Your objective – Copy the material below verbatim from the line with "Set of 4 felt" to the line with "Children play at", both lines included, omitting pictures and every line outside that range.

Source material below:

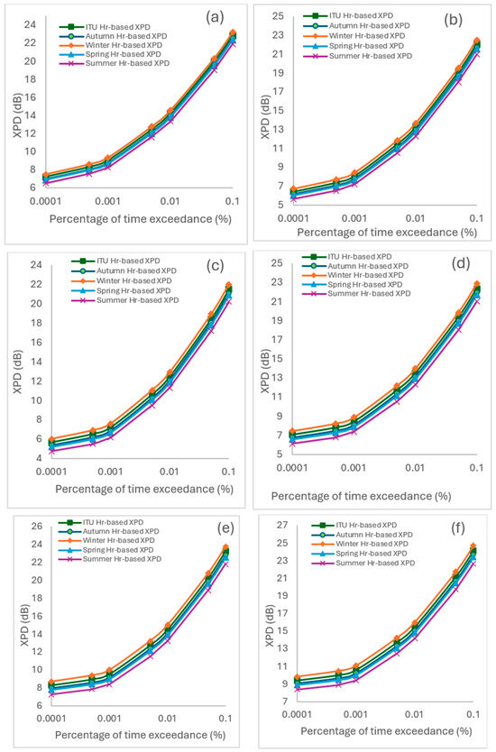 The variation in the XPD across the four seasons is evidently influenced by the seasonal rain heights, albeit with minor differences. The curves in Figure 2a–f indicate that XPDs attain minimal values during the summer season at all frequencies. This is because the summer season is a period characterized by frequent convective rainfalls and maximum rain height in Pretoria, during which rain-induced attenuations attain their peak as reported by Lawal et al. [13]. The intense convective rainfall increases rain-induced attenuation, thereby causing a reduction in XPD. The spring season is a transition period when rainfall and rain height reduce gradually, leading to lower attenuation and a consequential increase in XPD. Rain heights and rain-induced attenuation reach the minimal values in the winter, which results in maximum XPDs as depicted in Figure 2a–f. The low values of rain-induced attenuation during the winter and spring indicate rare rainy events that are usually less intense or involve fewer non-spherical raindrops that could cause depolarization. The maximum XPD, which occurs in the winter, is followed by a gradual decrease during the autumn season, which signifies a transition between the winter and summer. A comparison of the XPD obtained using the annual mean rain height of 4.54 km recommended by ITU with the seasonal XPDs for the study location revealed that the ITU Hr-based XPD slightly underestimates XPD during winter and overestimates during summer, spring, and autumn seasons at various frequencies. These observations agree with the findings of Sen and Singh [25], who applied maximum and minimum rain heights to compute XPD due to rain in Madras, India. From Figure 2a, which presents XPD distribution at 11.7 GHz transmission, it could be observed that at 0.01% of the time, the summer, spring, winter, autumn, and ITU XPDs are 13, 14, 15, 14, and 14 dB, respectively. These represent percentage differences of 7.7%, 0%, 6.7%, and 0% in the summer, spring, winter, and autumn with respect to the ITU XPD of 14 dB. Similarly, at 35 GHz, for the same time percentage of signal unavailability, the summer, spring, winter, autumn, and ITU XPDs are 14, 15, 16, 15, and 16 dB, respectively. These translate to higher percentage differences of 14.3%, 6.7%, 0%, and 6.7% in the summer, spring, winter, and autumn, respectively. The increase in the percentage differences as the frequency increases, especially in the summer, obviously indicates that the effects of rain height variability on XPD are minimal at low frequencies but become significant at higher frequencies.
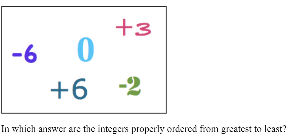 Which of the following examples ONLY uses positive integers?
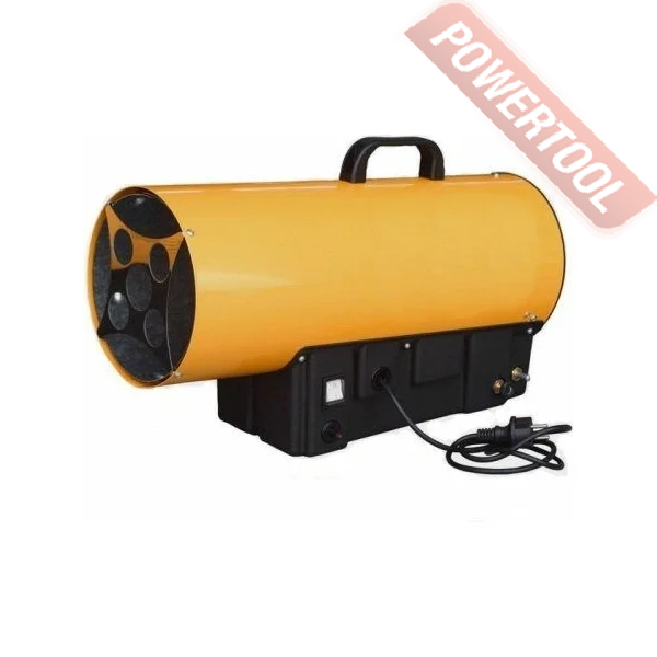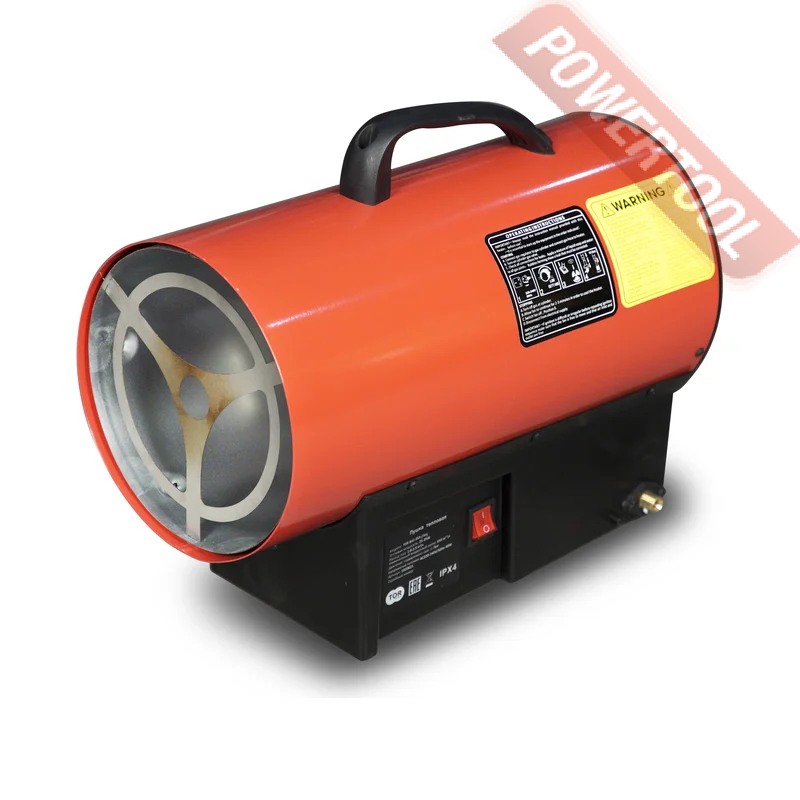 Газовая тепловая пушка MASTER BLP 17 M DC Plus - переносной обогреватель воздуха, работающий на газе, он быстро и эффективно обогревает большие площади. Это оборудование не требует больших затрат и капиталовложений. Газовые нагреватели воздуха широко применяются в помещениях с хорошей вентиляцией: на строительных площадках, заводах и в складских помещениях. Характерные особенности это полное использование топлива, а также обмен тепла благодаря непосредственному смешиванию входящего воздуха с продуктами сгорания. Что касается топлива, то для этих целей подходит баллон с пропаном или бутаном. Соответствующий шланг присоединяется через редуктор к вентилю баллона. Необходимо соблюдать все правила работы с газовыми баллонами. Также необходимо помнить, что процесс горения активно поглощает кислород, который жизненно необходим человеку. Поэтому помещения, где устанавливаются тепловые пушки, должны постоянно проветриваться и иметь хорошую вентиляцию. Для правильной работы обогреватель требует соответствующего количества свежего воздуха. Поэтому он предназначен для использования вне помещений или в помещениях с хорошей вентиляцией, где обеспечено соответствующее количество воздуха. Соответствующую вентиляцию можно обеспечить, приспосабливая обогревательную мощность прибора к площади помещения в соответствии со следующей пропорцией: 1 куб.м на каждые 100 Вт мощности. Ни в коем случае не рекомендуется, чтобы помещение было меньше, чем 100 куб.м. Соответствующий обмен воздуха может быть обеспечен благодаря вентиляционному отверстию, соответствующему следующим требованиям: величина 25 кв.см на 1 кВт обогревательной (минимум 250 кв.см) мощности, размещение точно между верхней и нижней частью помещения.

End of Source material.
Source material below:

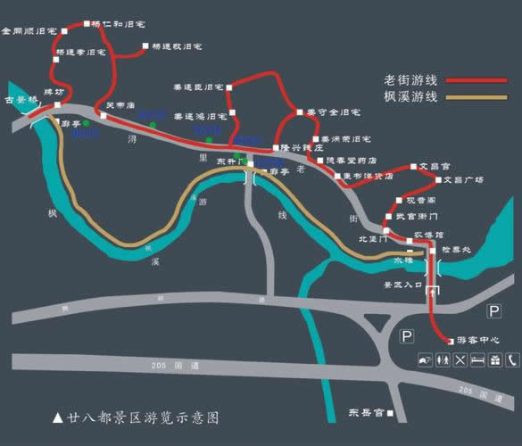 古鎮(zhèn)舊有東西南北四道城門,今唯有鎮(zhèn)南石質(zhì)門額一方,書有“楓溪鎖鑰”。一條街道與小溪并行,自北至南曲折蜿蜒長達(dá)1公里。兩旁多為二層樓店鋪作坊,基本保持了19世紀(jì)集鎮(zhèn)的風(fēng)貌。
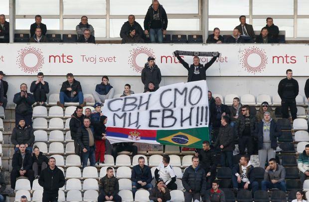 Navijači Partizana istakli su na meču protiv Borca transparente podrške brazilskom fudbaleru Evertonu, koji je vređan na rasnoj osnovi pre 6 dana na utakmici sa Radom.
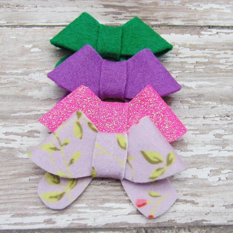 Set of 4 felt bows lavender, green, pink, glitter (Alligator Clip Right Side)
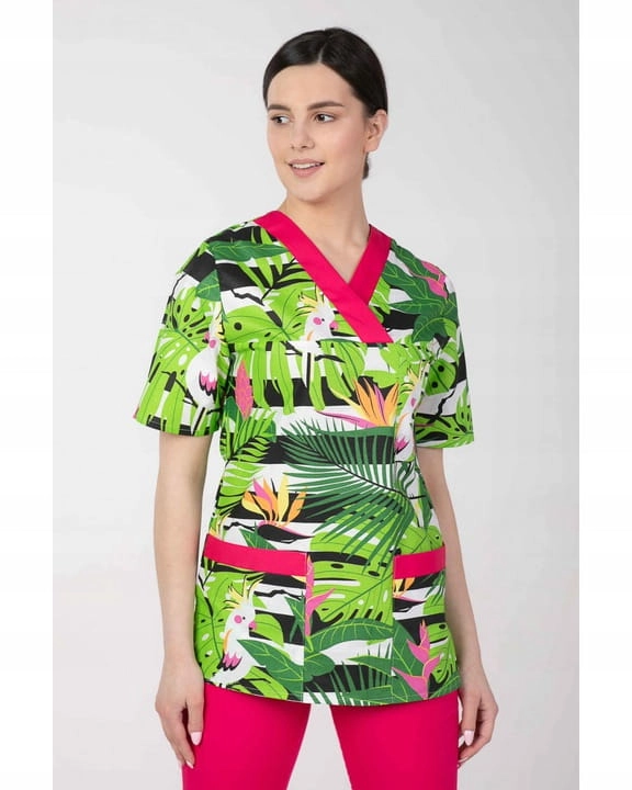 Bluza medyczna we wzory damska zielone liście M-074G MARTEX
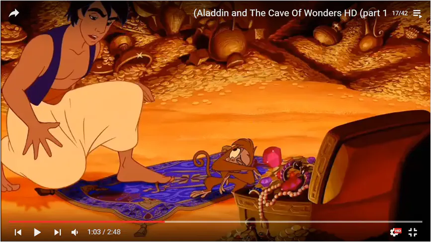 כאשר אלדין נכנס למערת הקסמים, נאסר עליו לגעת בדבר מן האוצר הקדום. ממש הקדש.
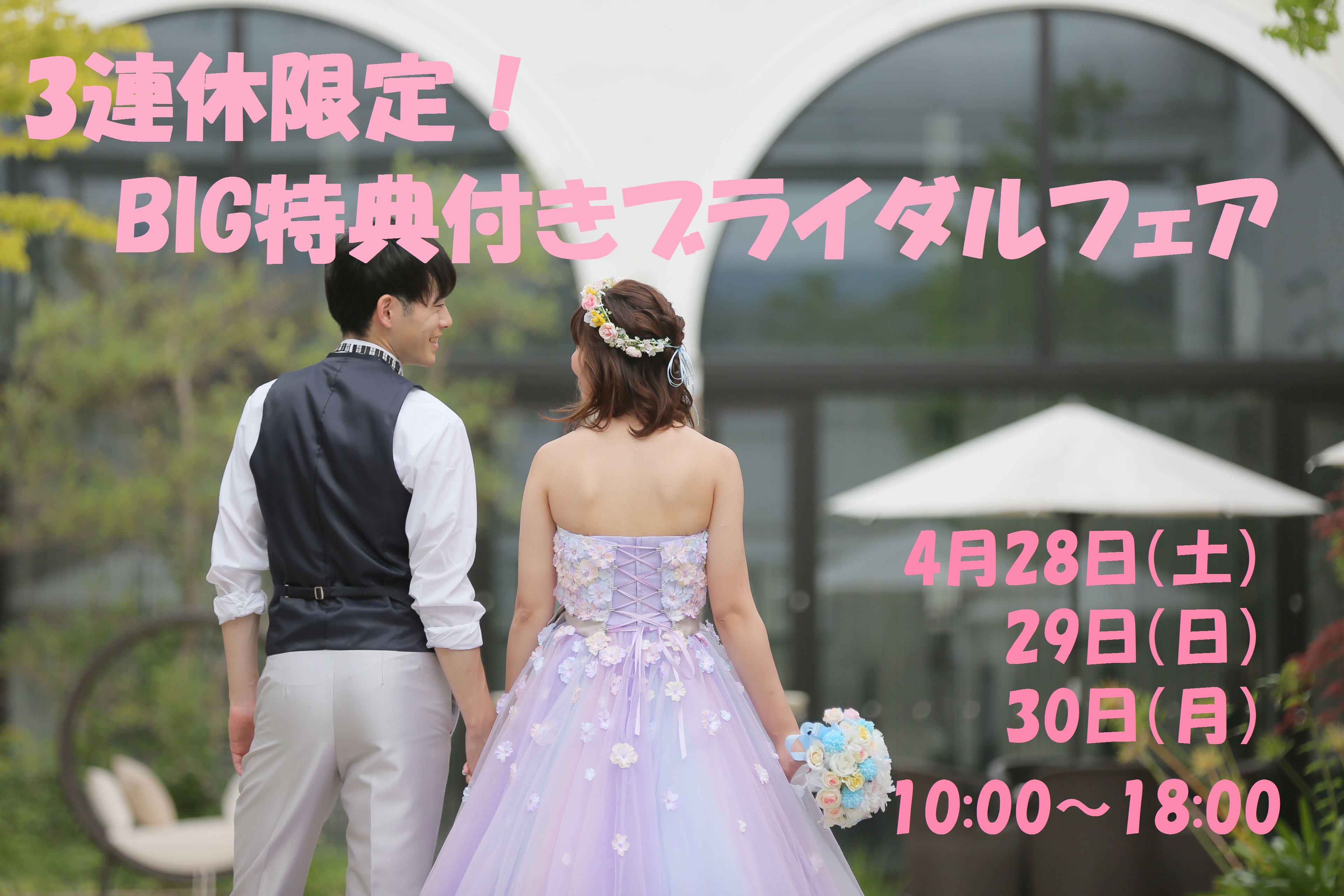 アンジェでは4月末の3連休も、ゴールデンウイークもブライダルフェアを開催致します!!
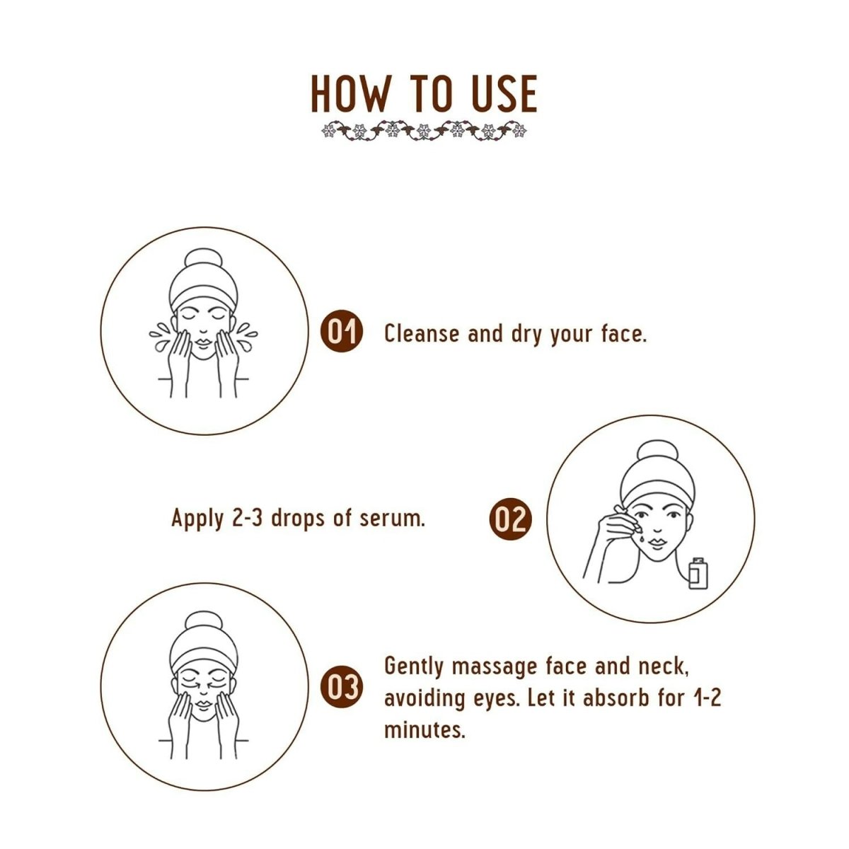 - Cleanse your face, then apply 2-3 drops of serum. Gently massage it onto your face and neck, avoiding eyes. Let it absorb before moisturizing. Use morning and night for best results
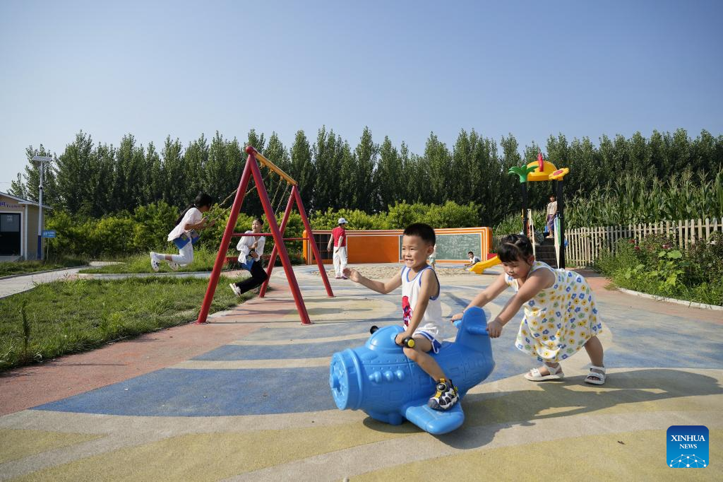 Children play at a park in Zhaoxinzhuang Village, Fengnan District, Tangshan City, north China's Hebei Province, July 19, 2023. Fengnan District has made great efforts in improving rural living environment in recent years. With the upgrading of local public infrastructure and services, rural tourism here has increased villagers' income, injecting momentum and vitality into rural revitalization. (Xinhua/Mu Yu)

End of Source material.

Solution to this exercise –
 Set of 4 felt bows lavender, green, pink, glitter (Alligator Clip Right Side)
 Bluza medyczna we wzory damska zielone liście M-074G MARTEX
 כאשר אלדין נכנס למערת הקסמים, נאסר עליו לגעת בדבר מן האוצר הקדום. ממש הקדש.
 アンジェでは4月末の3連休も、ゴールデンウイークもブライダルフェアを開催致します!!
 - Cleanse your face, then apply 2-3 drops of serum. Gently massage it onto your face and neck, avoiding eyes. Let it absorb before moisturizing. Use morning and night for best results
 Children play at a park in Zhaoxinzhuang Village, Fengnan District, Tangshan City, north China's Hebei Province, July 19, 2023. Fengnan District has made great efforts in improving rural living environment in recent years. With the upgrading of local public infrastructure and services, rural tourism here has increased villagers' income, injecting momentum and vitality into rural revitalization. (Xinhua/Mu Yu)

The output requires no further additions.